Let's say I do not set the table to anything and just execute it for the first chunk. Then, try the second. I get a 'wsfull error even though I have not set anything.
q)// before table generation
q).Q.w[]
used|210295952  
heap|268435456  
peak|268435456  
wmax|0          
mmap|0          
mphy|25238728704
syms|638        
symw|20452      
q)i:0;
q)([] HS: {HS[pPrime; x]} peach cutPrimes[i]; IHD: {IHD[pPrime; x]} peach cutPrimes[i]; PV: {PV[pPrime; x]} peach cutPrimes[i])
HS                 IHD                  PV                  
------------------------------------------------------------
27.348234169259634 3.994476838856357    -2.210896782498624f 
31.015411433268973 7.6616541028657      1.456280481510717f  
71.94088011289334  0.5464091664079223   -7.916065108069992f 
15.387849050834898 0.29199816120364064  1.4562804815107278f 
...                ...                  ...                 
q).Q.w[]
used|210291984  
heap|268435456  
peak|268435456  
wmax|0          
mmap|0          
mphy|25238728704
syms|638        
symw|20452      
q)i+:1;
q) ([] HS: {HS[pPrime; x]} peach cutPrimes[i]; IHD: {IHD[pPrime; x]} peach cutPrimes[i]; PV: {PV[pPrime; x]} peach cutPrimes[i])
'wsfull

I hope this is enough information to assist me. I am keeping a close eye on this thread.

Thank you all so much!
g

Alright, I seem to have managed to work around my issue. 

If I perform the operations one at a time within a function, appending  as I go, I do not seem to run out of memory.

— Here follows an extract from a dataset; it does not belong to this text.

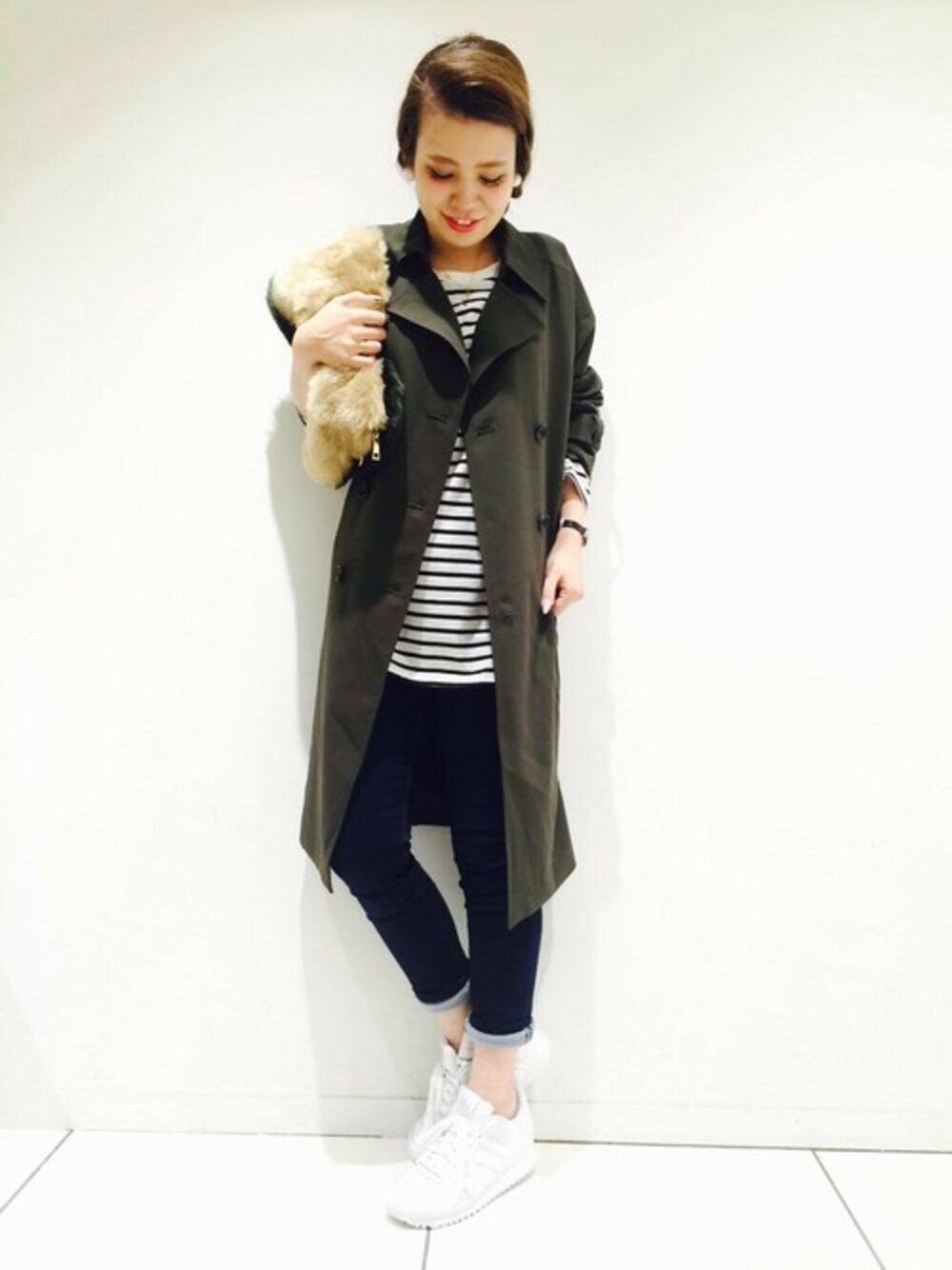 今日は、カジュアルに スキニー×スニーカーの気分♬ ロング丈アウターは着やせ効果の 強い味方です☆☆☆

This makes sense to me, as some of the set combinations are more complicated (have less shared elements) than others, causing my session to have to store too many permutations at once when I try and do it in chunks, thus throwing 'wsfull. It's rather embarrassing that I didn't try this before posting, anyway thanks for looking and helping! 

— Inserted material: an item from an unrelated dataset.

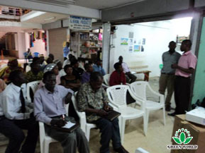 Les quatre hommes sont arrivés au magasin spécial de MBARARA en nuit après le training de 4 heures. Pendant la conférence et avant de la conférence, monsieur Terry, DR JOHN, M. EMMA et MR.ISAAC ont fait un discours et communication sur les informations du marché, changé des idées du marché et formé un nouveau projet de marché.

For posterity, I'm roughly using something like this:
hs_tmp: ();
ihd_tmp: ();
pv_tmp: ();
g:{
hs_tmp,::  HS[pPrime; x];
ihd_tmp,:: IHD[pPrime; x];
pv_tmp,::  PV[pPrime; x];
 };
then constructing a table afterwards.


g

trentkg
New Contributor
A few thoughts: 
For a table t, you can use -22!t to see the size in bytes. 

You have not said at what point you get the wsfull error, other than its after the first chunk. Is it when you try to save the first chunk to disk? Or is it when you've loaded the next chunk into memory?  Or is it when you're performing calculations on the next chunk?  

Here's a detailed explanation of garbage collection: https://www.aquaq.co.uk/q/garbage-collection-kdb/

A quick and dirty fix would be to save where you are in the iteration to disk after each iteratoin (like an one like text file with just an integer, called state.txt). Then just delete everything in the namespace after each iteration

delete from `.

 and call .Q.gc[]. Then reload you're functions and state.txt . 

Finally, the input of the program is too big to fit into memory, that I get. But what about the output (presumably, what you're saving to disk). Is that too big to big to fit in memory? If so, you could use partitioning, or just save each output as its own file. I would use partitioning only if you can choose a partitioning variable that is a non overlapping set (such as the date).